= Jim Shekhdar =

British ocean rower

Jim Shekhdar (born 13 November 1946) is a British ocean rower and was the first person to complete a solo unassisted non-stop crossing of the Pacific Ocean.

==Career==
Shekhdar was born in Leamington Spa, England in 1946 and lived in India from the age of seven to twelve, where he learned Hindi. Back in England, he went to university where he studied civil engineering. Shekhdar was a keen water polo player but stopped playing after a falling out with the British Water Polo Administration for claiming airfare to an International match. In Sydney, he helped Universities Water Polo Club capture the NSW 1st Grade premiership for the 1971/72 season, and was selected in the New South Wales Mens Water Polo Team, which placed third at the Australian Water Polo Championships held at Musgrave Park Pool in Brisbane.

He stayed in Australia for a year and a half playing Rugby and working as an engineer. He then moved on to Papua New Guinea, Africa, the Middle East, New Zealand and Las Vegas. He finally returned to England, where he was permitted to play water polo again, but was banned for life one more time after throwing a referee into the water.
He is now married to Nina Shekhdar ( Hlochova) and has two young daughters: Natalie (born 2008) and Alice (born 2011). They all live on the beach in Cornwall.

==Ocean rowing==
Shekhdar became interested in ocean rowing after reading John Ridgway's book about his transatlantic row with Chay Blyth. He initially wanted to start a corporate team building style venture with either Ridgway or Blyth but neither were interested.

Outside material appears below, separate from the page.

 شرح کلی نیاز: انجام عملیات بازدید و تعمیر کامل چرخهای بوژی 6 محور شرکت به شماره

In 1997, he heard about the Port St Charles Atlantic Rowing Race organised by Sir Chay's company, Challenge Business, and entered with David Jackson. They rowed from Tenerife to Barbados in sixty five days.

===Rowing the Pacific===
The Atlantic race had given Shekhdar a taste for ocean rowing and his sights soon turned to the Pacific. Peter Bird had rowed across the Pacific already but he had stopped in Hawaii and eventually ended up being rescued by the Australian Navy 33 miles from the Australian mainland. The way was still open therefore for a solo unassisted non-stop crossing. Shekhdar had an arthritic hip and was on the waiting list for a replacement but decided to delay the operation in order to complete the row even though he was in pain.

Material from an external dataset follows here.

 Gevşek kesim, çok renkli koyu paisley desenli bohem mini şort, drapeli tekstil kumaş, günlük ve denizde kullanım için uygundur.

Bird had set off from San Francisco and had run aground on Hawaii. To avoid the same fate, Shekhdar decided to set out from South America which he felt offered a clearer route across the Pacific. He originally chose Chile but was denied permission and set off from Peru instead.

Jim Shekhdar describes his boat ("Le Shark") as a "big boat", weighing 800 kg with a steel keel (and not custom designed for this event). Its length is estimated at 7 meters.

Shekhdar set off from Peru on 29 June 2000 and arrived in Australia on 30 March 2001 having rowed approximately 8,000 miles in 274 days. During the voyage, he had ten encounters with sharks and a near miss with a tanker. Shekhdar originally thought the voyage would take only eight months and towards the end he almost ran out of food.

On arriving at North Stradbrooke Island off Brisbane, his boat overturned and he had to swim the remaining thirty meters where his wife and children were waiting.

==Other adventures==
In 2003, Jim Shekhdar unsuccessfully attempted to row solo from Bluff, NZ, to Cape Town, and had to be rescued by New Zealand organisations, He tried again later, and had to be rescued again, in an operation costing a six-figure sum.

==Author==
In 2001 Shekhdar released a book about his adventures entitled, Jim Shekhdar. Bold Man of the Sea. My Epic Journey.